Over 200 little reporters from the Guangzhou Modern Primary Students' Weekly spent an unforgettable four-day winter camp there, visiting the mangrove preserve and Konka Group, a local electronics manufacturer.
Shown around the beautiful mangrove woods by local environmental protection experts, the eager journalists jotted down their feelings and they posed questions. "Of the several hundred thousand mangrove woods in the world, only five are located in Chinese cities," a girl wrote seriously in her notebook. "We have the third largest territory in the world, but why is the area of mangrove we possess a mere one ten thousandth of the world's total?"
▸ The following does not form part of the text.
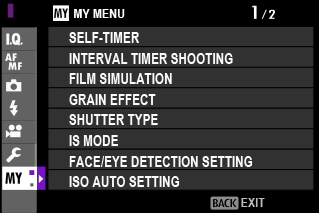 Press the focus stick (focus lever) up or down to highlight [ADD ITEMS] and press [MENU/OK]. Options that can be added to “my menu” are highlighted in blue.

Students learned that mangrove woods not only resist the erosion of wind and sea waves but also provide an ideal habitat for birds. Hearing that Shenzhen was planning to establish a mangrove exhibition hall, these kids instantly suggested a donation-collecting box be placed at the youth hostel.
On the Spring Festival Eve, three university students from Finland arrived at the hostel after a five-month learning project in Beijing. They cheered at the lanterns and colourful ribbons decorating the hostel and shared peanuts and candies with the working staff. "It's a pleasure to spend the Chinese new year in China," they said, "and SZ is an amazing place, bubbling with energy and fun."
The youth hostel gave them each a small red envelope of lucky money to wish them good fortune as they waved goodbye and in return the students pasted Finnish coins to the visitors' board as a keepsake.